Folk Devils are an English 1980s post-punk ensemble born of the Notting Hill, West London music scene.

==History==
Founding member Ian Lowery had previously been the original singer in late 1970s punk rock band The Wall and then signed to Killing Joke's Malicious Damage label as leader of the group Ski Patrol. Politics and the general tensions that seemed endemic to the Killing Joke scene led Ian to leave Ski Patrol and recruit long-time friend of Jaz Coleman - Alan Cole on drums, Kris Jozajtis on guitar (now Dr Kris Jozajtis at Greenfaulds High School) and Mark Whiteley, from Wales, on bass to form another group, Folk Devils, in 1983. Mark had been active in both the London and Welsh music scene. He worked with Anrhefn, Wales' seminal punk band and with the ill-fated Hack Hack on the album Despite Amputations. He left the band midway through a gig at The Fridge in Brixton unhappy with the band, their label (Shout Records), and musical direction. A fight ensued and Mark became a Folk Devil.

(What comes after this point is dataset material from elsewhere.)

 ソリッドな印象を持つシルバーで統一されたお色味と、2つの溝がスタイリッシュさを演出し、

The sound was a bastardised blend of punk, blues, and amphetamine fuelled angst with the music often walking a fine line between a patchwork of brilliant musicianship and violence. The political and ideological canvass for Folk Devils was the miners strike, Thatcher's Britain, mass unemployment and the flooding of Britain's streets with heroin and despair. Both Mark and Ray Gange were to become deeply, almost fatally, involved in the early 80s drug scene.

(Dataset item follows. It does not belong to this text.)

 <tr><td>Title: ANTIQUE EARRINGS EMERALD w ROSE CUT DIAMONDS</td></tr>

Initially managed by Ray Gange, star of The Clash's film Rude Boy, the Folk Devils first single "Hank Turns Blue" recorded for £180 (allegedly the bands combined dole money) and released on the label Ganges Records and distributed through Rough Trade resided at number three in the indie charts for six weeks being kept off the top spot only by New Order and Depeche Mode.

Three Peel sessions followed in quick succession. Subsequent recordings were critically acclaimed and musicians such as Jason Pierce of Spiritualized still regard the Folk Devils as a highly influential musical force. Having recorded the Beautiful Monster E.P. (their final release on Ganges Records) in 1985 with 'punk' producer and IRS stalwart Richard Mazda and the 1986 Fire and Chrome EP which was well received throughout Europe, chemicals and chaos finally caused the band to disintegrate as their first and only album Goodnight Irony was released by Situation Two. Folk Devils, as Brian Taylor of Killing Joke's management, said at the time, "were a force of nature live and were never quite able to capture that ferocity on record". Ian Lowery died in 2001 having continued to work throughout the late '80s and the early '90s with Nigel Pulsford of Bush on the King Blank project and the Ian Lowery Group. Mark Whiteley went on to work with a variety of bands including Shredder (1994), Big Black Cloud (1995–1997) and Subliminal (1997–2001). Shredder were formed in Dartmoor prison in 1993 and on Mark's release in 1994 were invited to tour with The Stranglers.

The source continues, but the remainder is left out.